Giving a speech is a high-adrenaline, people-oriented, immediate-gratification event. The ranks of professional speakers tend to be filled with extroverts, not surprisingly. Their reasons for opting for a life on the road vary from a need to be loved by large crowds to a passion for changing the world for the better – with all the possible reasons on the selfish-selfless spectrum in between.
The people who succeed on this path tend to have all the best qualities of extroverts without too many of the failings. They’re hard-working, resilient, grateful, smart, driven, and competitive. They’re not usually narcissistic, needy, insecure, or lacking a personal compass.
So far so good. But one of the ironies, perhaps, of public speaking success is that you not only have to be good on the stage, but you also have to be good behind the scenes at the same time. What do I mean by that?
For every keynote speech the typical speaker gets, he or she has been considered and passed over by 9 other opportunities. So, of course, you have to be resilient. But more importantly, you have to do the long, slow, painstaking work of establishing a brand, a community, and a marketing plan to bring the former to the latter.

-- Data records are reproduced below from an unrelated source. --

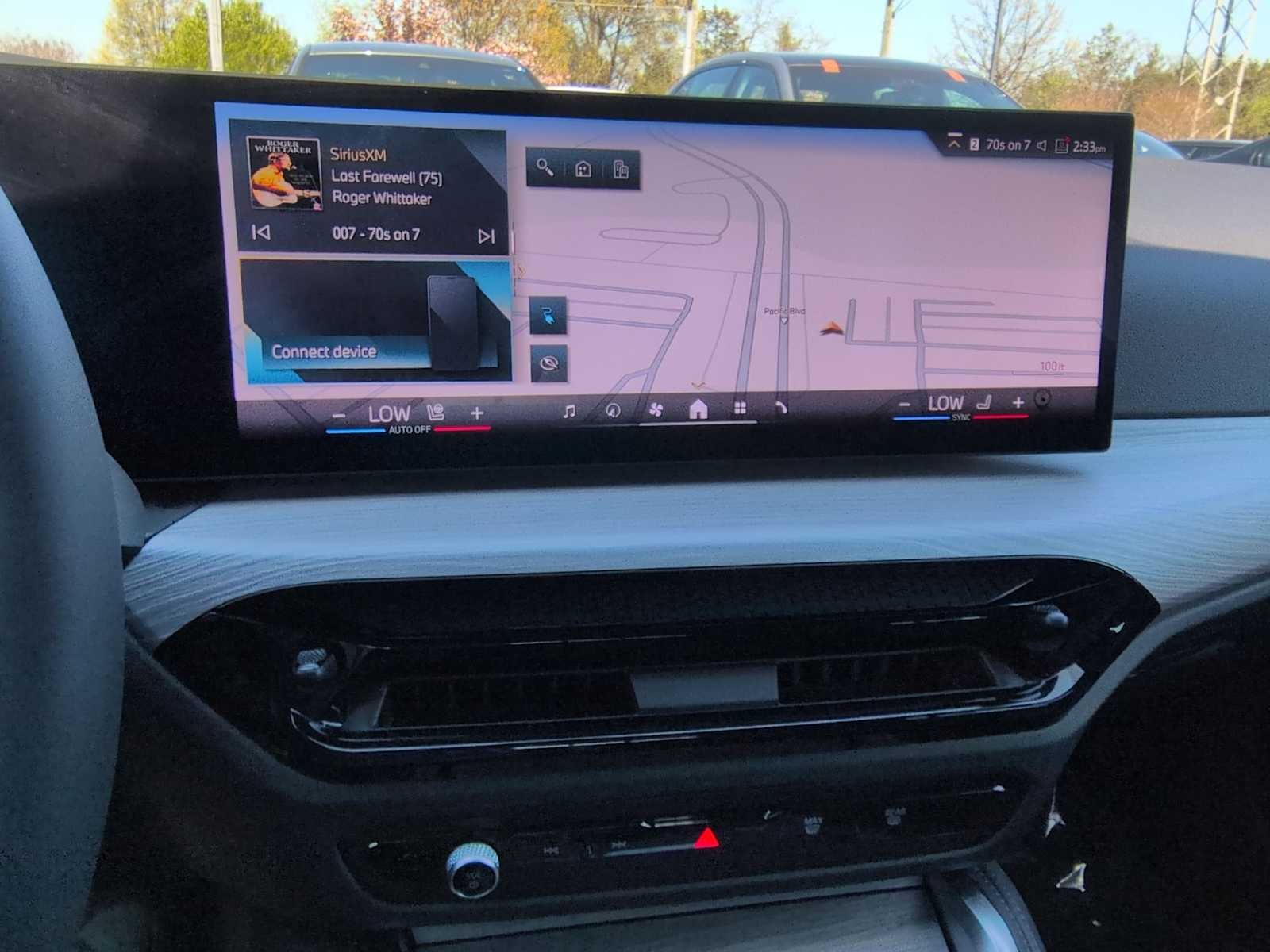 Connected Package Pro, Driving Assistance Package, M Sport Package (Aerodynamic Kit, Black Mirror Caps, M Sport Brakes w/Blue Calipers, M Steering Wheel, Shadowline Exterior Trim, Wheels: 19 x 8.5 Fr & 19 x 9.0 Rr M Aero, and Without Lines Designation Outside), M Sport Package (337), Parking Assistance Package (Active Park Distance Control, Parking Assistant Plus, Parking View w/3D View (Surround View), and Rear-View Camera), Premium Package (BMW Curved Display w/HUD, harman/kardon Surround Sound System, Heated Steering Wheel, and Iconic Sounds Electric), 4-Wheel Disc Brakes, ABS brakes, Active Cruise Control, Adaptive suspension, Air Conditioning, Alloy wheels, Apple CarPlay & Android Auto Compatibility, Audio memory, Auto High-beam Headlights, Auto-dimming door mirrors, Auto-dimming Rear-View mirror, Automatic temperature control, BMW Assist eCall, BMW TeleServices, Brake assist, Brake Calipers, Bumpers: body-color, Compass, ConnectedDrive Services, Delay-off headlights, Driver door bin, Driver vanity mirror, Dual front impact airbags, Dual front side impact airbags, Electronic Stability Control, Emergency communication system: BMW Assist eCall, Enhanced Premium Sound System, Exterior Parking Camera Rear, Four wheel independent suspension, Front anti-roll bar, Front Bucket Seats, Front Center Armrest, Front dual zone A/C, Front reading lights, Fully automatic headlights, Garage door transmitter, Genuine wood console insert, Genuine wood dashboard insert, Heated door mirrors, Heated Front Seats, Heated front seats, Hi-Fi Sound System, HVAC memory, Illuminated entry, Knee airbag, Leather steering wheel, Low tire pressure warning, Lumbar Support, Memory seat, Navigation, Navigation system: BMW Maps Navigation, Occupant sensing airbag, Outside temperature display, Overhead airbag, Overhead console, Panic alarm, Passenger door bin, Passenger vanity mirror, Perforated Sensatec Upholstery, Personal eSIM 5G, Power door mirrors, Power driver seat, Power Front Seats, Power Liftgate, Power moonroof, Power passenger seat, Power steering, Power windows, Radio data system, Radio: FM Audio System, Rain sensing wipers, Rear anti-roll bar, Rear reading lights, Rear seat center armrest, Rear window defroster, Remote keyless entry, Security system, SiriusXM Satellite Radio w/1 Year Subscription, Speed control, Speed-sensing steering, Speed-Sensitive Wipers, Split folding rear seat, Sport Seats, Sport steering wheel, Steering wheel mounted audio controls, Telescoping steering wheel, Tilt steering wheel, Traction control, Trip computer, Turn signal indicator mirrors, Variably intermittent wipers, Wheels: 18 x 7.5 Aero Gunmetal Grey, Wheels: 19 x 8.5 Fr & 19 x 9.0 Rr M Bicolor, and Widescreen Display.
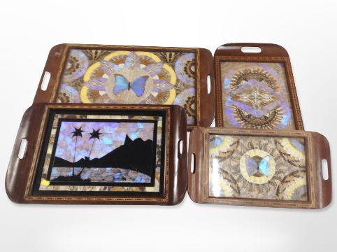 Four graduated butterfly wing trays, largest 62 cm wide
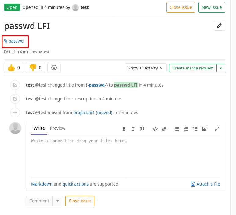 And once the issue is moved, you will see that the passwd file is linked:
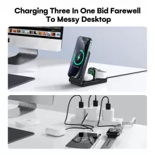 - 3-in-1 Charging Station: Charges your iPhone, Apple Watch, and AirPods simultaneously.

The skills involved in accomplishing this other task are very similar to the twin requirements for an author not only to write a great book but also to market that book to an increasingly overwhelmed, distracted, and shrinking reading public. You have to figure out what the key elements of your message are, decide who should hear them, and plan how to reach those people in ways that are sufficiently compelling.
In the case of the speaker, it’s absolutely essential to have a group of like-minded people who talk you up and put you forward as a great keynoter in one venue after another. They’re going to be animated by the ideas you espouse and that they’re keen on as well, but they also have to have a strong sense that you’re the best spokesperson for those ideas. When the opportunity comes, then, they’ll be the ones who say, “Hire Jane, because she understands the debate about X better than anyone.” Or perhaps, “Hire Jane because she gets us, our particular interests, better than anyone.”
Too many speakers hope for a viral tweet or video or blog post that will put their name in front of the public and make the rest easy. And that does happen once in a great while, but as a strategy, wish fulfillment leaves a good deal to be desired. It may not come your way, waiting for it is no fun, and you might as well be doing something useful while you’re waiting.
But the deeper reason not to count on the viral is the very nature of that sort of publicity itself. What do you recall about the last viral tweet, video, or post you saw? Exactly. The truth is that people move on from the viral as fast as they glom on to it, and that’s not helpful to you, the successful speaker.
What you want is sustained attention, not very occasional bursts of interest. That’s a much slower, more deliberate process, which involves starting an authentic conversation with a public that cares about the same thing that you do, and that you (and that slice of the public) are willing to engage in for a long, long time.